→ **Task objective**
Take the line with "The Oberon Arc" and every line after it, through the end of the listing, and give them again exactly, pictures excluded.

* * * * * * * * *

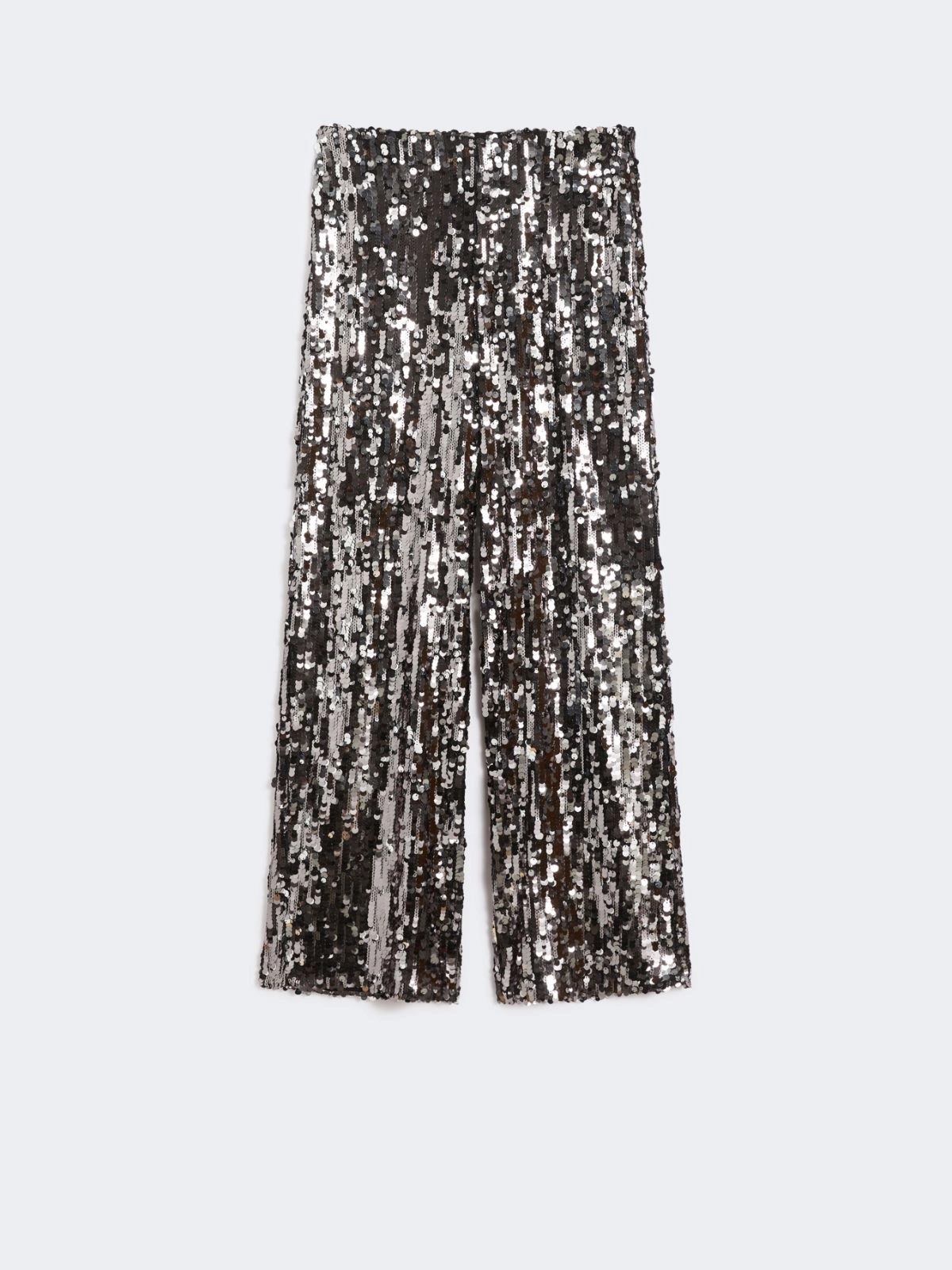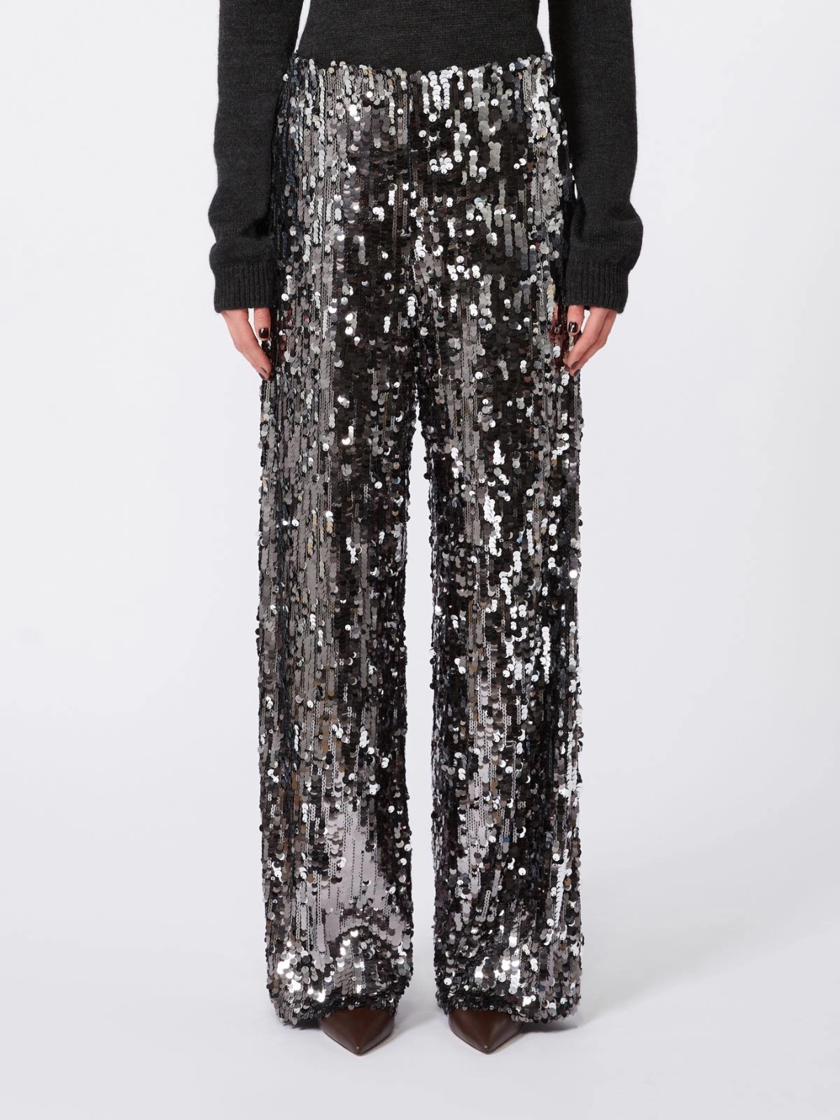 Pantalone dalla silhouette morbida, impreziosito da paillettes di diverse dimensioni ricamate all over, per un gioco di movimento e riflessi specchiati.
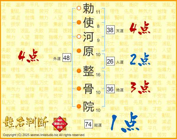 勅(11画)使(8画)河(9画)原(10画) 整(16画)骨(10画)院(10画)
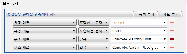 AND(유형 이름에 "콘크리트" 포함 OR 유형 이름에 "CMU" 포함 OR 구조 재료 = "콘크리트 석조 단위" OR 구조 재료 = "콘크리트, 현장타설 회색")
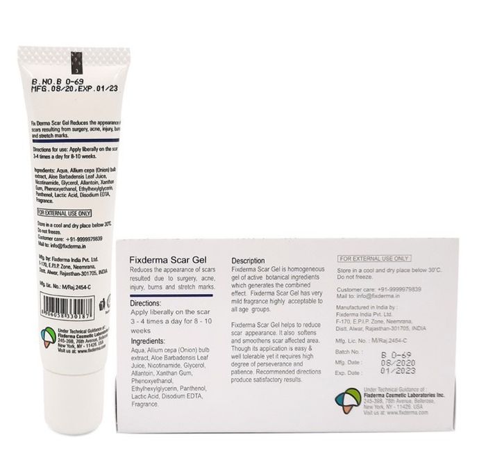 Fixderma Scar Gel có tác dụng hỗ trợ làm mờ các vết thâm, vết sẹo do mụn để lại, các vết sẹo do bỏng, do rạn da, do vết thương, hay do phẫu thuật. Gel trị sẹo Fixderma Scar giúp vùng da bị tổn thương do sẹo trở nên mềm mại, đều màu và mịn màng hơn.Fixderma Scar gel được sản xuất tại đất nước Ấn Độ.
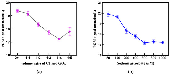 Since the PGM response comes from the signal value of Glu oxidation by GOx, it is necessary to optimize the ratio of C2 to GOx labeled on the surface of AuNPs. In theory, a high loading of GOx can enhance the sensitivity of the Cu2+ sensor. However, an excess of GOx molecules can affect the cycloaddition reaction between C1 and C2, which is unfavorable for a signal response. As shown in Figure 5a, the optimal volume ratio of C2 to GOx is 1:4 for the PGM response signal. Therefore, 400 μL of GOx (1 mg/mL) and 100 μL of C2 (5 μmol/L) were used to prepare AuNPs-GOx-C2.
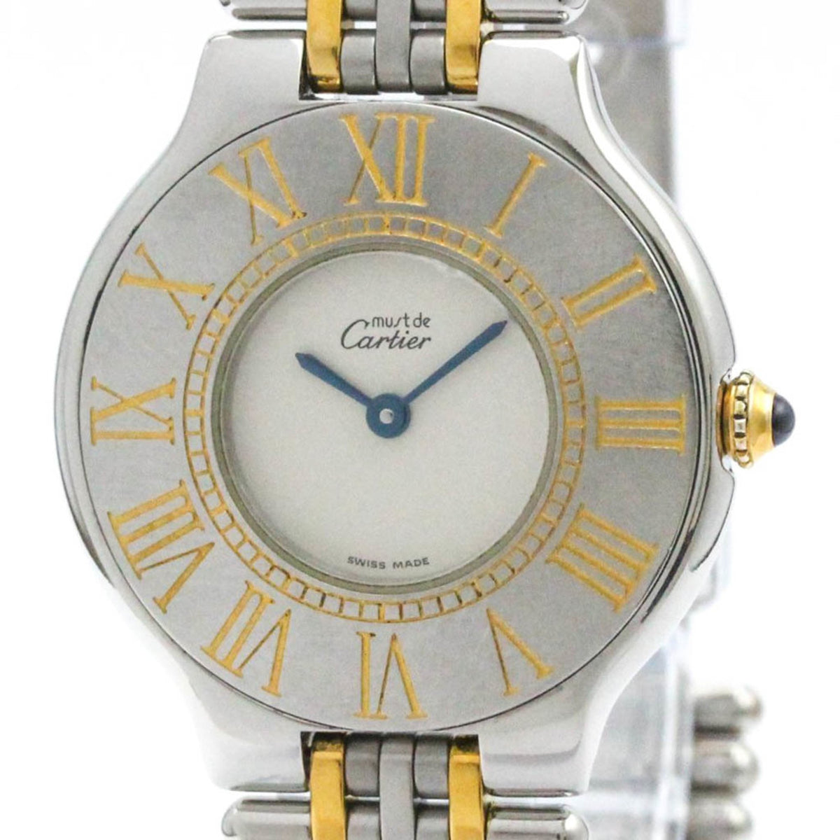 Gebrauchte CARTIER Must 21 vergoldete Stahl-Quarz-Unisex-Uhr W10050F4 BF578775
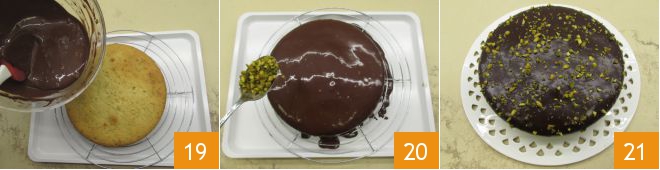 Flip the cake onto a cooling rack and cover it entirely with the chocolate sauce 19. Finally, sprinkle chopped pistachios on the surface 20. The 5-minute ricotta cake is ready to be enjoyed 21.
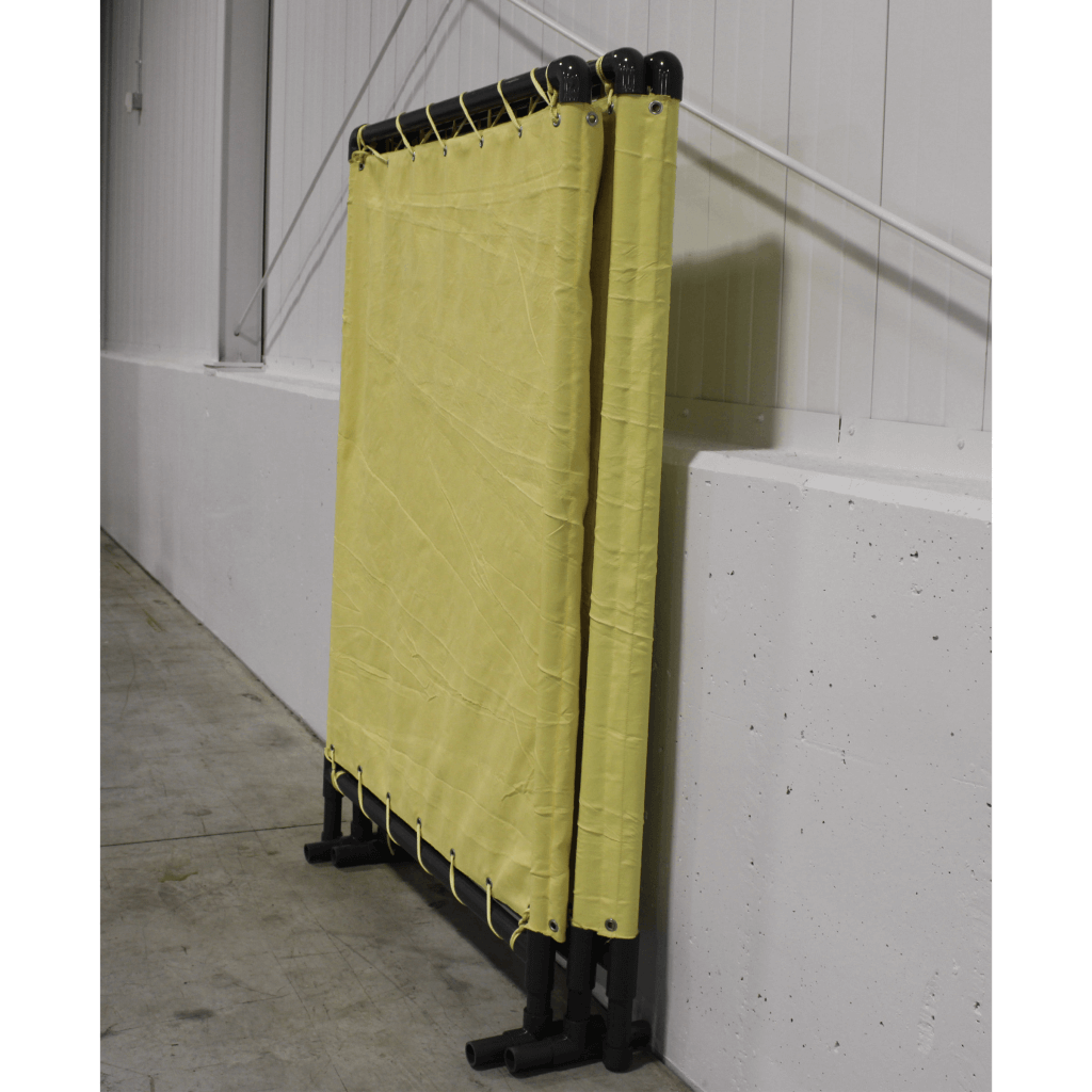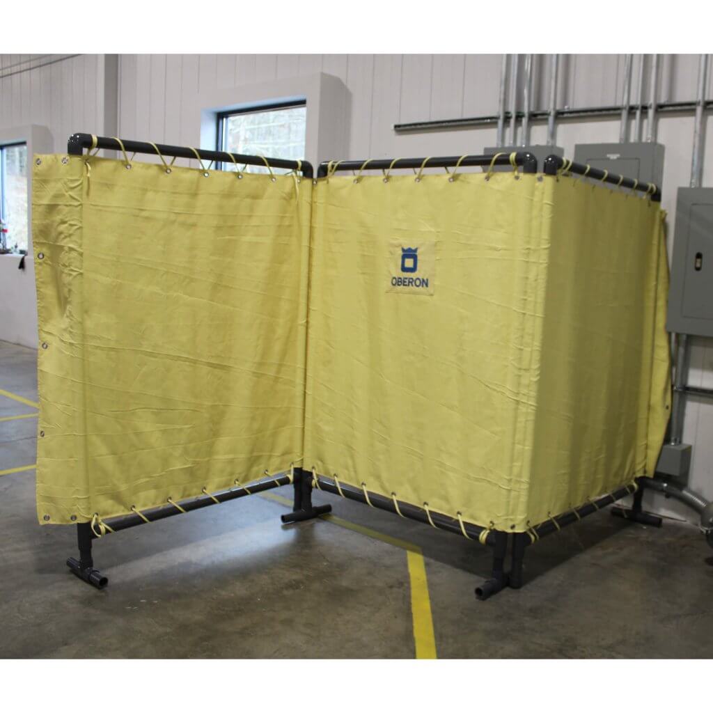 The Oberon Arc Flash Curtain Cube is designed to fold in on itself for easy storage.
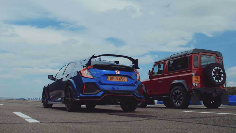 Το βρετανικό περιοδικό Top Gear πήρε το Defender Works V8 και το έβαλε να αναμετρηθεί στην ευθεία με το κορυφαίο προσθιοκίνητο της αγοράς, το Honda Civic Type R. Το τελευταίο τροφοδοτείται από τον δίλιτρο VTEC turbo κινητήρα των 320 ίππων και 400 Nm ροπής.
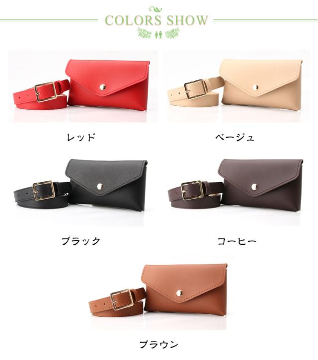 | 【バッグ付きベルト】【5color】 シンプルなのに個性的なウエストバッグ付きベルトの登場です! マット感のある合成皮革を使用しています。 ポーチはスナップボタン式で使いやすい。ベルトも調整できます。 コンパクトでおしゃれなサイズ感なので、必要最低限のものを持ち歩くのにピッタリ! 小ぶりながらも存在感があり、カジュアルコーデと相性抜群なアイテムです♪ スマートフォンやカード類などを収納できて実用的で便利なアイテム。 ウエストポーチは取り外し可能なので、単品にも楽に使えます。 | |
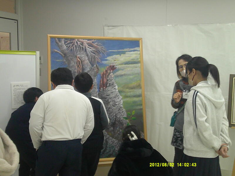 厳重に梱包してある絵を箱から出す作業を中学生の生徒さんがお手伝いしてくれました。藏座さんのレクチャーのもと、大事に大事に絵を運び出す中学生。箱のふたを開けて、絵が見えた瞬間に「わぁ」と声が自然に出る姿を見て、絵には人の心を動かす力があることを改めて感じました。
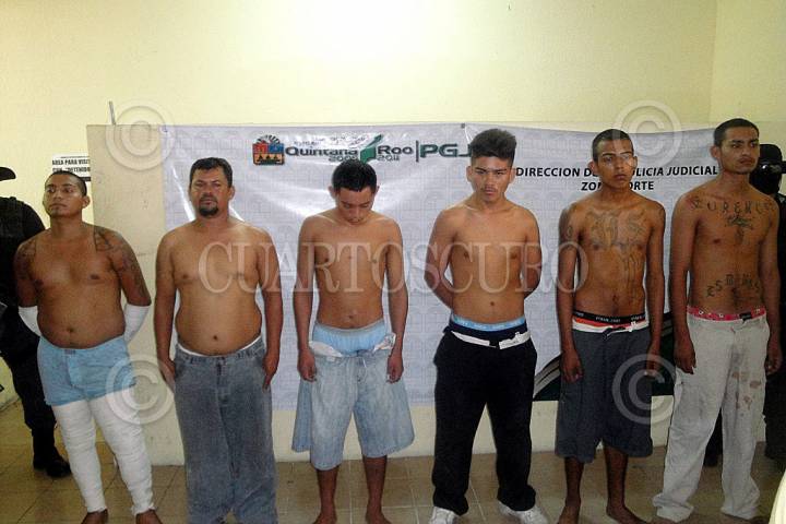 CANCÚN, QUINTANA ROO, 03SEPTIEMBRE2010.- La policía de Cancún y el ejército mexicano detuvieron a 6 pandilleros de la banda "Los Sureños" que fueron presentados el día de hoy involucrados en el incendio donde fallecieron ocho personas, confirmó hoy en conferencia de prensa el procurador Francisco Alor Quezada. FOTO: AMARANTA PRIETO/CUARTOSCURO.COM
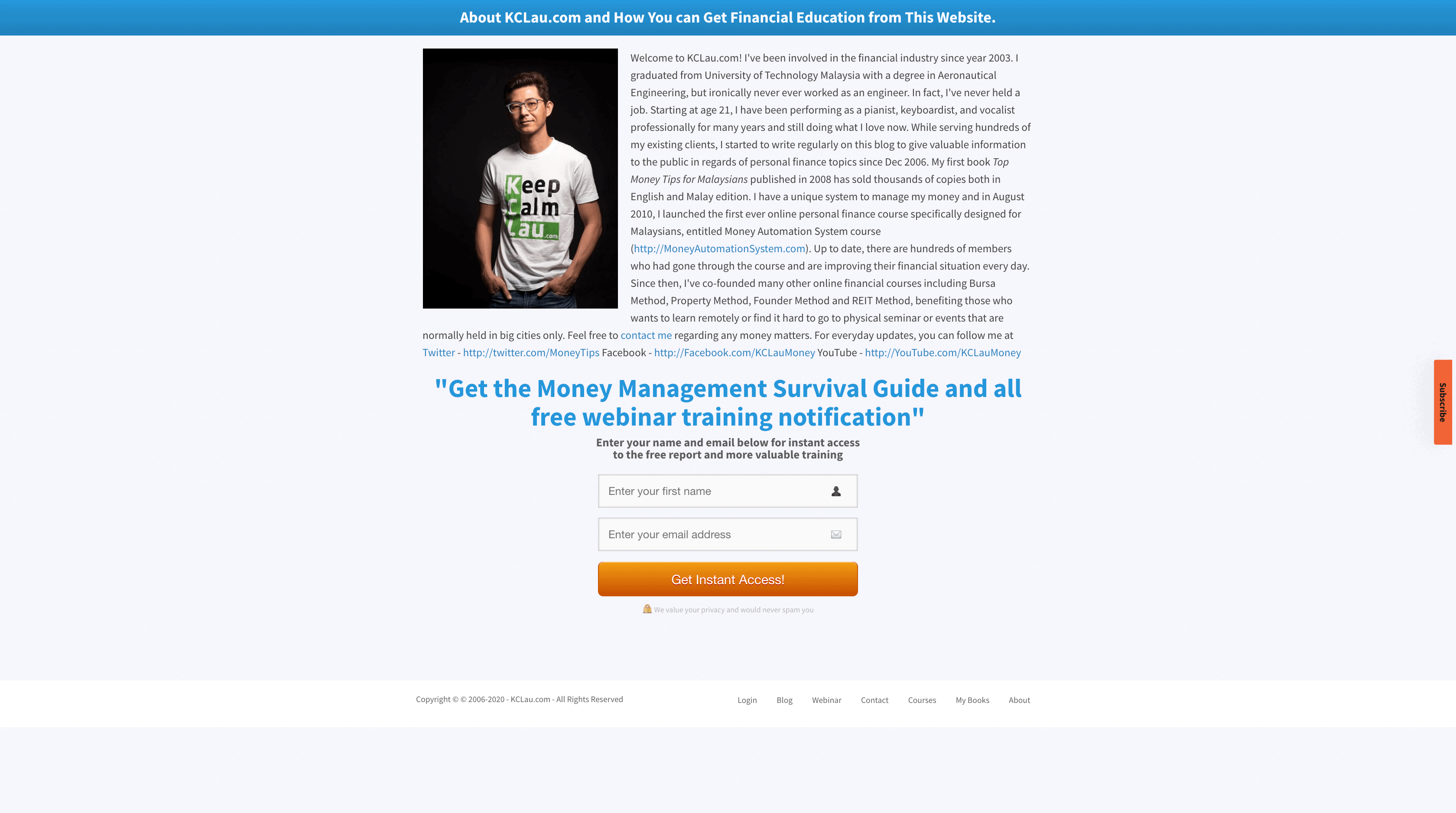 KCLau 的生意頭腦也真的是強,真沒愧對他理財專家的身分。他整個部落格現在可是一門擴張中的生意。現在正擴張 Facebook、Youtube上。而且 KCLau 的行銷手段也是五花八門。他會用 Facebook Messenger Auto Responder、Email Marketing、各種網路廣告等等。

* * * * * * * * *

→ **Exercise result**
 The Oberon Arc Flash Curtain Cube is designed to fold in on itself for easy storage.
 Το βρετανικό περιοδικό Top Gear πήρε το Defender Works V8 και το έβαλε να αναμετρηθεί στην ευθεία με το κορυφαίο προσθιοκίνητο της αγοράς, το Honda Civic Type R. Το τελευταίο τροφοδοτείται από τον δίλιτρο VTEC turbo κινητήρα των 320 ίππων και 400 Nm ροπής.
 | 【バッグ付きベルト】【5color】 シンプルなのに個性的なウエストバッグ付きベルトの登場です! マット感のある合成皮革を使用しています。 ポーチはスナップボタン式で使いやすい。ベルトも調整できます。 コンパクトでおしゃれなサイズ感なので、必要最低限のものを持ち歩くのにピッタリ! 小ぶりながらも存在感があり、カジュアルコーデと相性抜群なアイテムです♪ スマートフォンやカード類などを収納できて実用的で便利なアイテム。 ウエストポーチは取り外し可能なので、単品にも楽に使えます。 | |
 厳重に梱包してある絵を箱から出す作業を中学生の生徒さんがお手伝いしてくれました。藏座さんのレクチャーのもと、大事に大事に絵を運び出す中学生。箱のふたを開けて、絵が見えた瞬間に「わぁ」と声が自然に出る姿を見て、絵には人の心を動かす力があることを改めて感じました。
 CANCÚN, QUINTANA ROO, 03SEPTIEMBRE2010.- La policía de Cancún y el ejército mexicano detuvieron a 6 pandilleros de la banda "Los Sureños" que fueron presentados el día de hoy involucrados en el incendio donde fallecieron ocho personas, confirmó hoy en conferencia de prensa el procurador Francisco Alor Quezada. FOTO: AMARANTA PRIETO/CUARTOSCURO.COM
 KCLau 的生意頭腦也真的是強,真沒愧對他理財專家的身分。他整個部落格現在可是一門擴張中的生意。現在正擴張 Facebook、Youtube上。而且 KCLau 的行銷手段也是五花八門。他會用 Facebook Messenger Auto Responder、Email Marketing、各種網路廣告等等。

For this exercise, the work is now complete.